%%
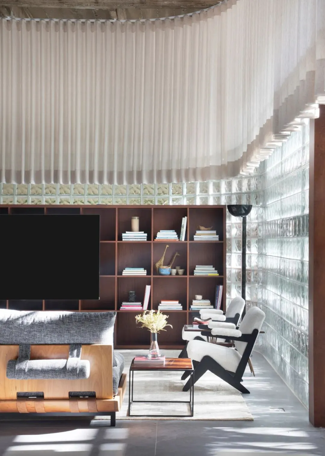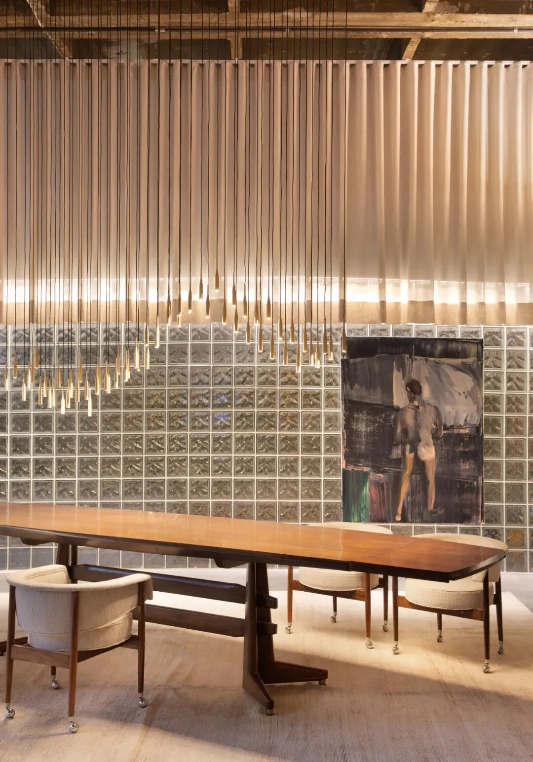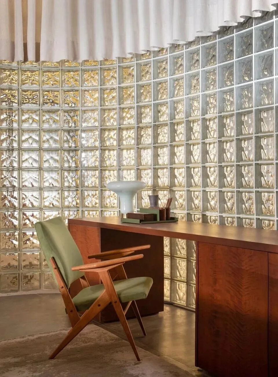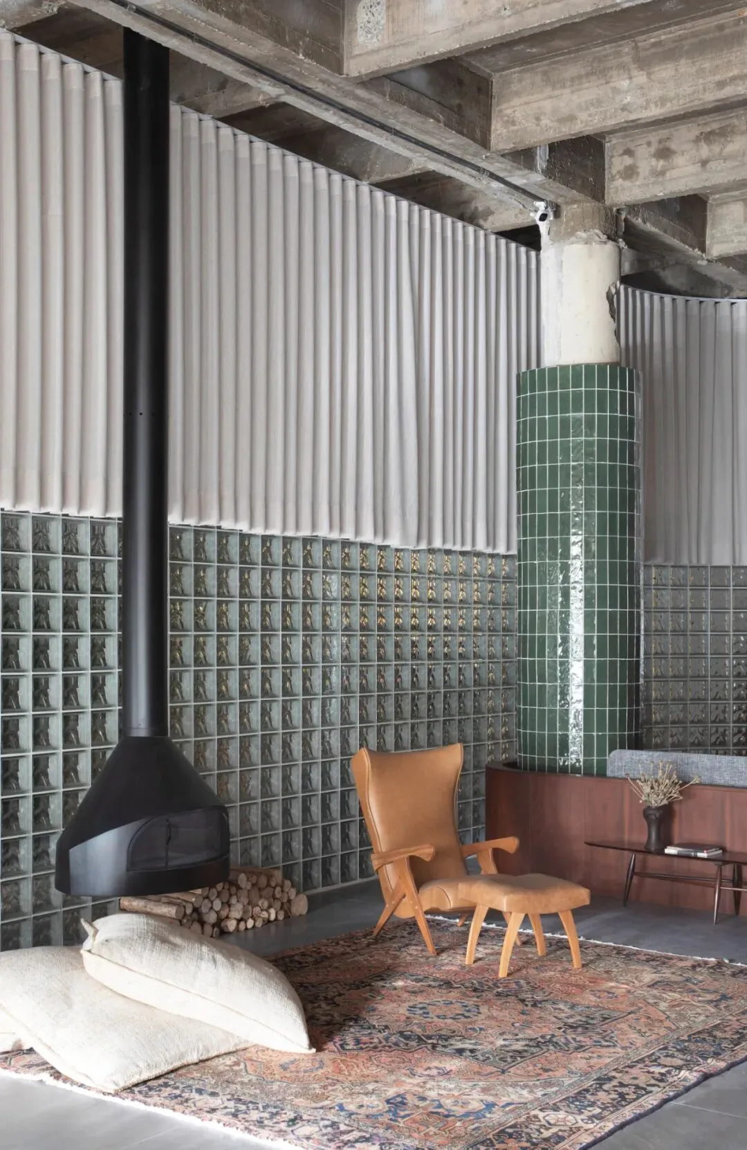 此外,玻璃砖材质与裸露的混凝土结构的碰撞,搭配经典的贴有搪瓷陶瓷的壁柱,充分展现了现代主义运动的空间氛围。
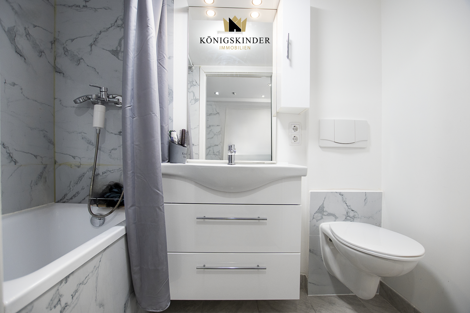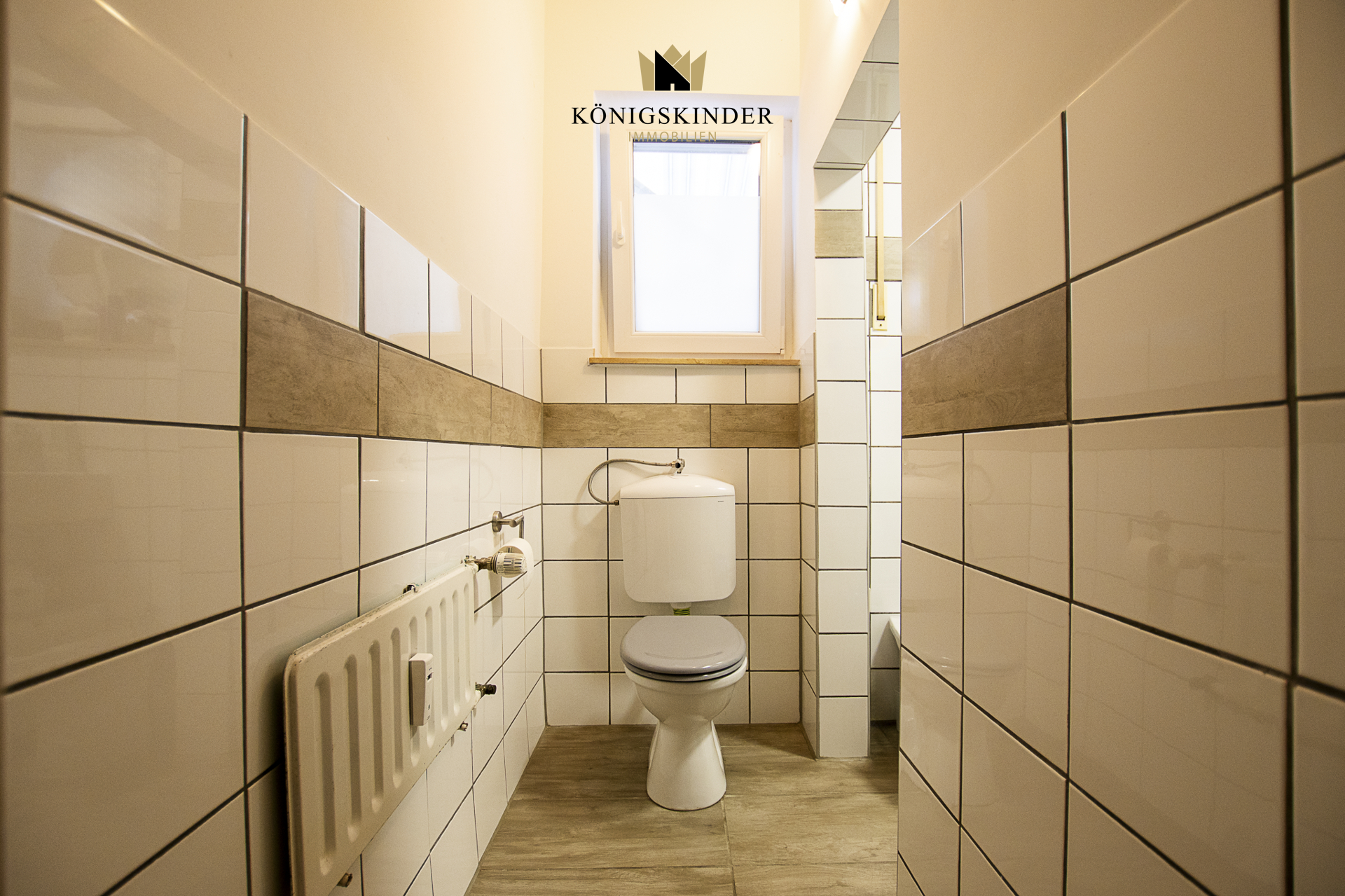 Im Keller wurde ein moderner Wohnraum mit Heizung und neuen Fliesen geschaffen. Dort befindet sich auch ein neues, modernes Badezimmer mit Toilette, Badewanne mit Dusche sowie einem Waschtisch mit Möbeln. Zudem gibt es im Keller einen separaten Bereich, der sich ideal als kleine Küche einrichten lässt.
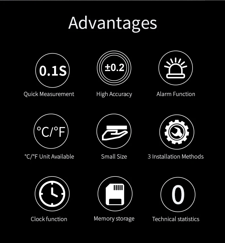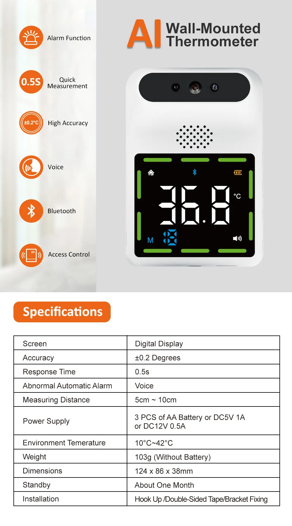 Метод измеренияБесконтактныйДиапазон измерения: режим тела (32,0 ° c-42.9 ° C) (85,9 ° f-109.2 ° f)Точность измерения: корпус (± 0,2 ° C/0,4 ° f)Разрешение: 0,1 ° C / ° fУсловия работы: 16 ° C-35 ° C (60,8 ° f-95 ° f) RH ≤ 93%Индикатор низкого напряжения ≤ 2,5 вФункция памяти: 32 группыДисплей с трехцветной подсветкой (зеленый/оранжевый/красный)Единица измерения температуры-Цельсия и ФаренгейтаФункция автоматического отключения: 20 секундРазмер внутренней коробки: 116*85*28 ммВес нетто: 120 гЦвет продукта: белыйХарактеристики продуктаБесконтактное измерение: Избегайте перекрестной инфекцииИмпортный Датчик: точность тестирования, погрешность температуры ≤ ± 0,2 ° CПредупреждение о температуре с трехцветной подсветкой: удобно для ночного измерения, более прямое предупреждение о температуреФункция памяти: может автоматически отображать последнее измеренное значение температуры и поддерживать клиническую диагностику типа теплаСигнал лихорадки: гуманная Настройка, Автоматическая сигнализация выше 38 ° CУстановка на стену: Избегайте обнаружения человека, экономьте силы
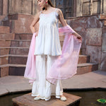 White Solid & Embroidered Rayon Short Kurti Sharara Dupatta Set (Pre-Order)
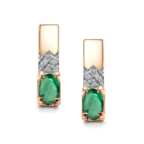 Элегантные серьги выполнены из красного и белого золота 585 пробы, соединяющих в себе благородство, изящество и роскошь. Ключевыми элементами дизайна являются изумруды и сверкающие бриллианты. Изумруды символизируют плодородие и рост, а их насыщенный зеленый цвет гармонично контрастирует с белым и красным оттенками золота. Английский замок обеспечивает комфорт и безопасность при ношении. Серьги выполнены с высоким уровнем мастерства и относятся к категории люксовых украшений, подчеркивая статус и вкус владельца. Представлено брендом АЛЬКОР. Средняя характеристика камней: 14 Бриллиант Круг 17 0.044 2/3, 2 Изумруд Овал 0.877 3/3 В комплект поставки входит:
%%
Leave out the pictures. Transcribe only the lines above, from the first through the one that contains "Im Keller wurde".

 此外,玻璃砖材质与裸露的混凝土结构的碰撞,搭配经典的贴有搪瓷陶瓷的壁柱,充分展现了现代主义运动的空间氛围。
 Im Keller wurde ein moderner Wohnraum mit Heizung und neuen Fliesen geschaffen. Dort befindet sich auch ein neues, modernes Badezimmer mit Toilette, Badewanne mit Dusche sowie einem Waschtisch mit Möbeln. Zudem gibt es im Keller einen separaten Bereich, der sich ideal als kleine Küche einrichten lässt.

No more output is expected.